## ABOUT THIS TASK
In the entries below, begin at the line that has "苺づくし♡春の可愛い女子 -LINEスタンプマニア", stop after the line that has "2. Release the", and output those lines exactly with no pictures.

## MATERIAL FOR THIS TASK
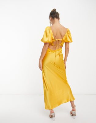 ASOS DESIGN satin milkmaid lace trim midaxi dress with strappy Very well made.
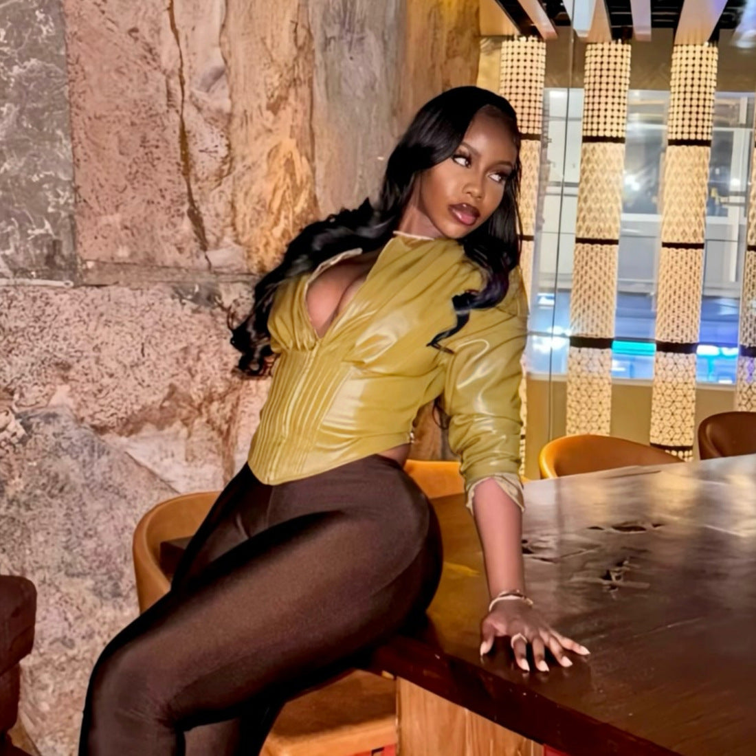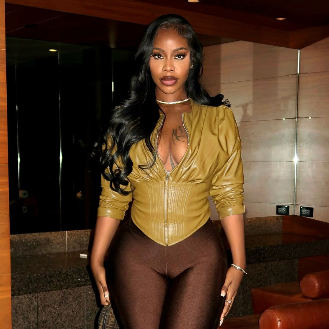Elegance meets modern practicality in the Long Sleeve Zipper Round-Neck Faux Leather Solid-Color Pleated Slim Short Coat. Crafted from premium faux leather over a durable polyester backing, it offers a refined hand and dependable shape retention without the weight of genuine leather. The slim silhouette, round neckline, and short coat length enable effortless layering—over a cashmere knit, a silk blouse, or a tailored dress—while a concealed zipper preserves clean, uninterrupted lines. Subtle ruching and pleated details introduce quiet texture, signaling craft without excess.
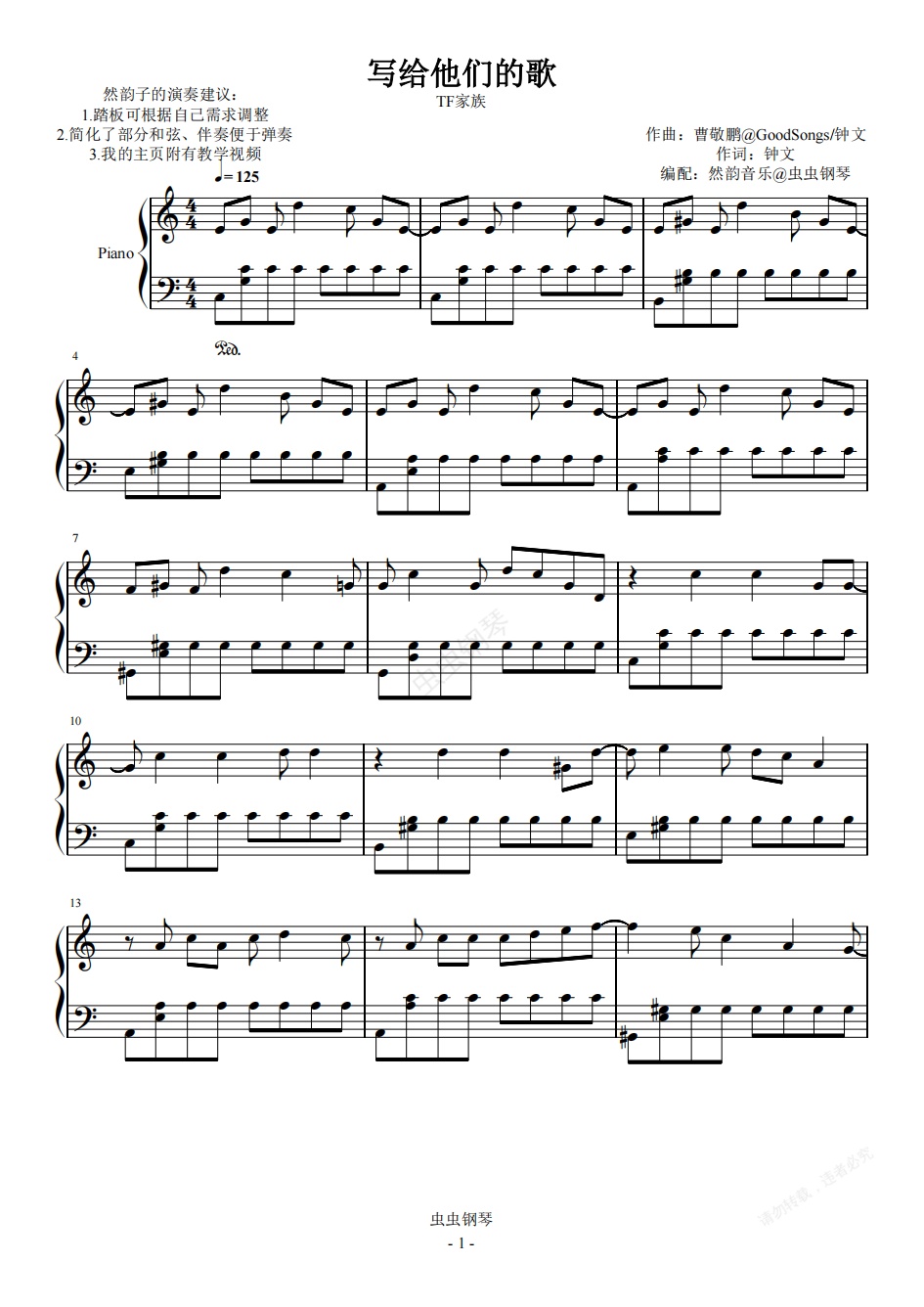 钢琴谱:【C调】写给他们的歌-TF家族 钢琴完美独奏
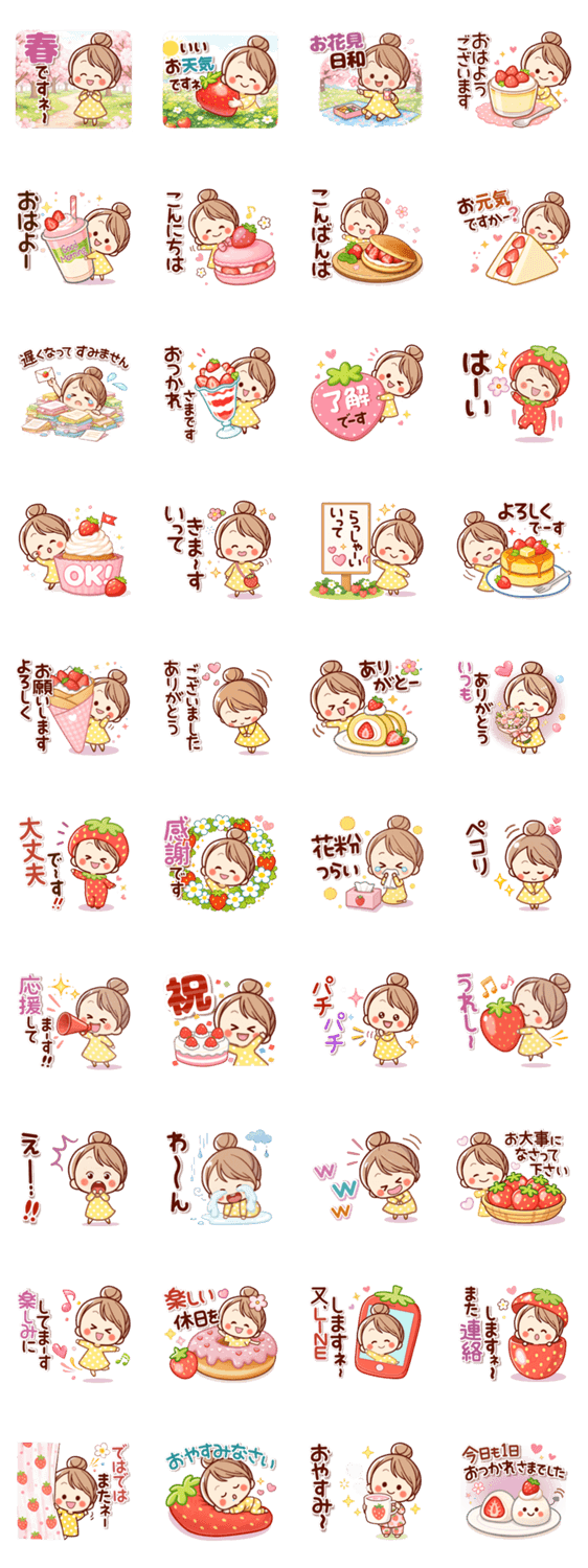苺づくし♡春の可愛い女子 -LINEスタンプマニア
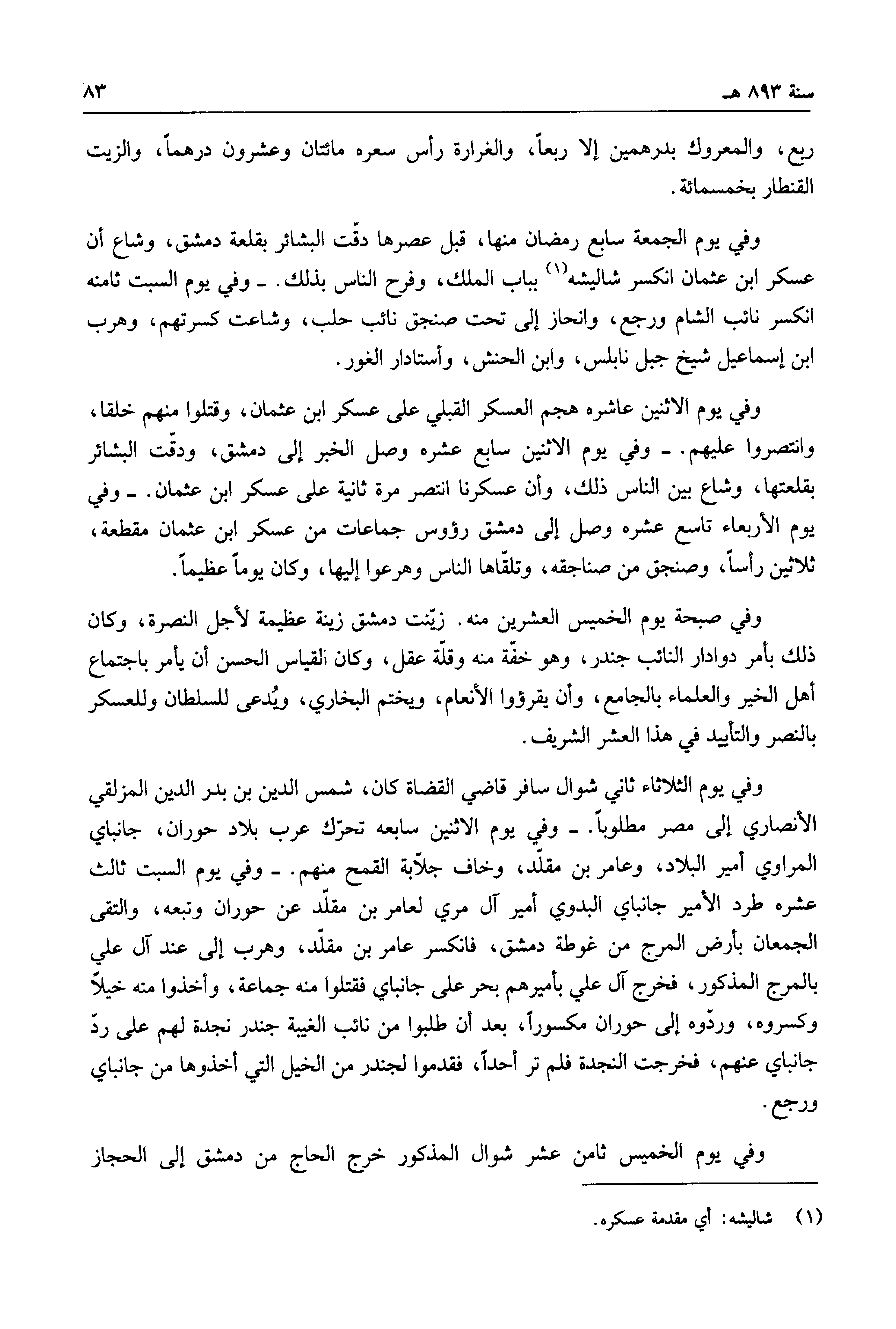 وفي يوم الجمعة سابع رمضان منها، قبل عصرها دقت البشائر بقلعة دمشق، وشاع أن عسكر ابن عثمان انكسر شاليشه بباب الملك، وفرح الناس بذلك.
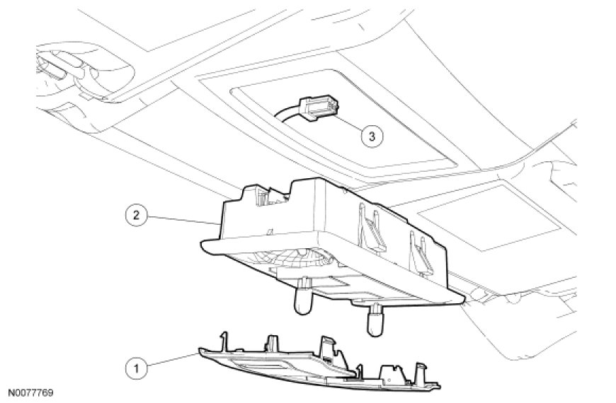 2. Release the 4 retaining clips, and remove the lamp assembly from the headliner.
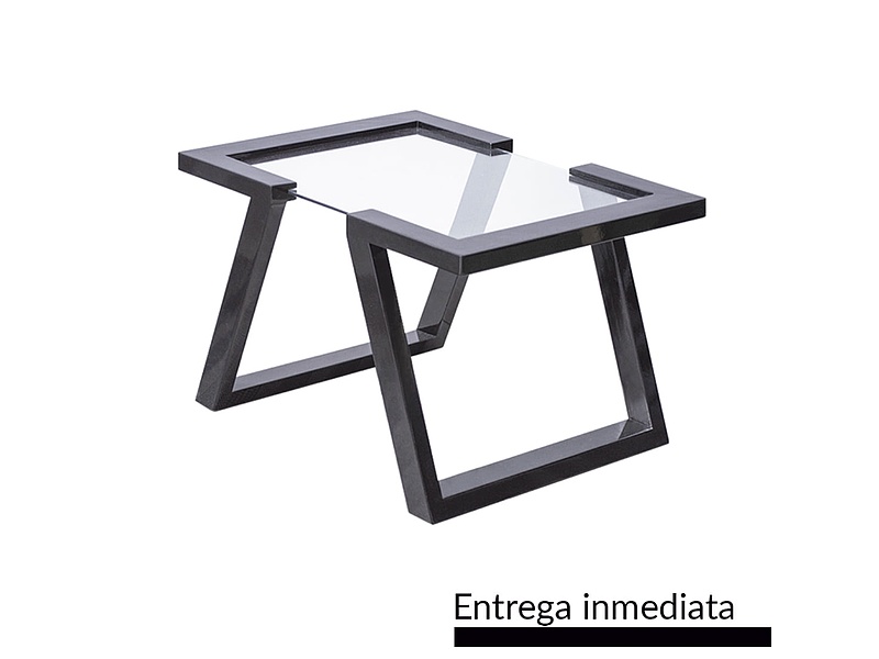 Hermosa Mesita de centro APRILIA de vidrio con soporte metálico.
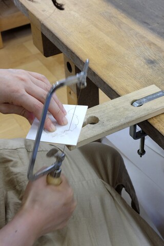 厚紙にデザインを描き、糸ノコで切っていきます。そして厚紙を木で押さえ、切り抜いた厚紙部分に熔かしたスズを流し込みます。
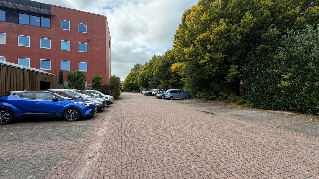 Op eigen terrein zijn voldoende parkeerplaatsen beschikbaar. De parkeernorm is 1:32 m² v.v.o.

## ANSWER AREA
苺づくし♡春の可愛い女子 -LINEスタンプマニア
 وفي يوم الجمعة سابع رمضان منها، قبل عصرها دقت البشائر بقلعة دمشق، وشاع أن عسكر ابن عثمان انكسر شاليشه بباب الملك، وفرح الناس بذلك.
 2. Release the 4 retaining clips, and remove the lamp assembly from the headliner.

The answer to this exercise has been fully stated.